**** DATA SHOWN ****

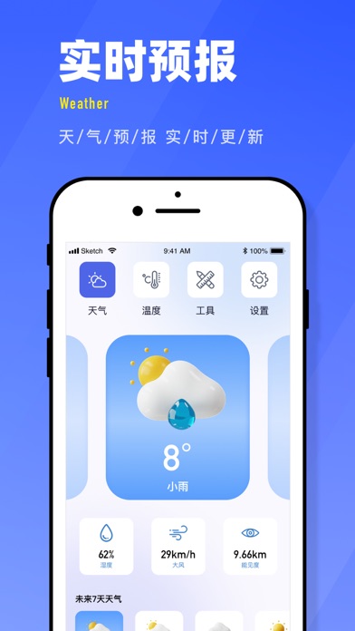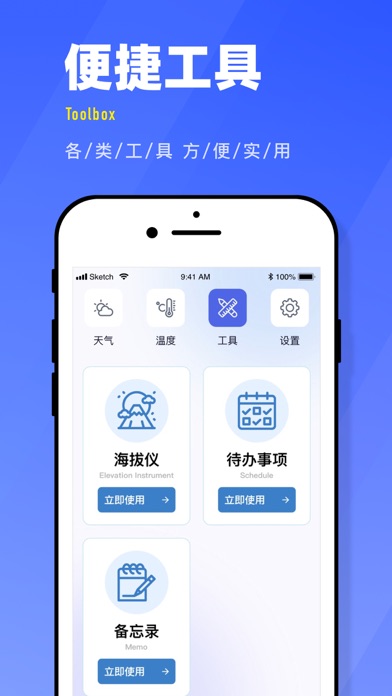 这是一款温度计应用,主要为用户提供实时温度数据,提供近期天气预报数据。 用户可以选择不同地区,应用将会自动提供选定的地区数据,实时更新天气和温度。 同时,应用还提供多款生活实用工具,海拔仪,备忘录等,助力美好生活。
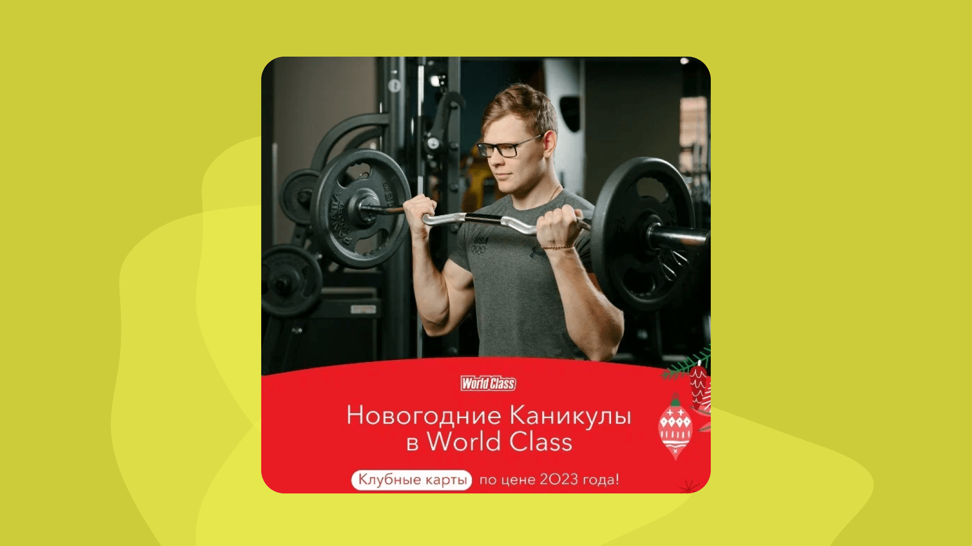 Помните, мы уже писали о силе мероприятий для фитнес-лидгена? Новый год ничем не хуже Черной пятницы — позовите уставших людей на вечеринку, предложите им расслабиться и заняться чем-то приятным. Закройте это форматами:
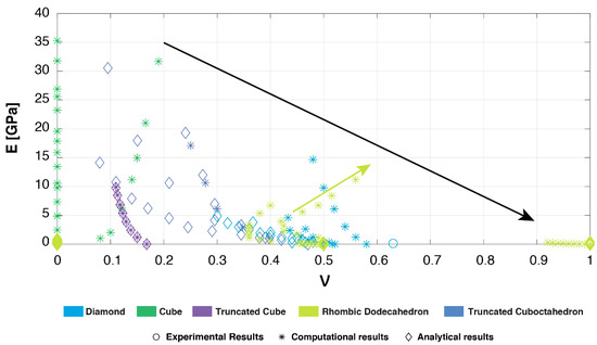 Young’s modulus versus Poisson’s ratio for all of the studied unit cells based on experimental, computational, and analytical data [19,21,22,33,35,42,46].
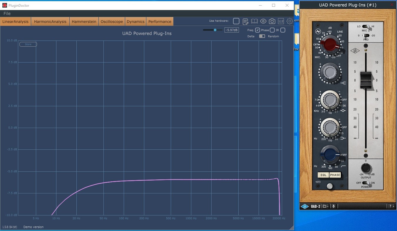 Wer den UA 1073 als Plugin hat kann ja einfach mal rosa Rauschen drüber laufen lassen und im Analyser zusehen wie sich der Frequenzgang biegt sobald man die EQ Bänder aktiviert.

****

TASK TO CARRY OUT: Your copy should hold only the lines from the line with "Young’s modulus versus" through the end of the data above, both ends included, transcribed exactly and without pictures.

SOLUTION FOR THIS EXERCISE:
 Young’s modulus versus Poisson’s ratio for all of the studied unit cells based on experimental, computational, and analytical data [19,21,22,33,35,42,46].
 Wer den UA 1073 als Plugin hat kann ja einfach mal rosa Rauschen drüber laufen lassen und im Analyser zusehen wie sich der Frequenzgang biegt sobald man die EQ Bänder aktiviert.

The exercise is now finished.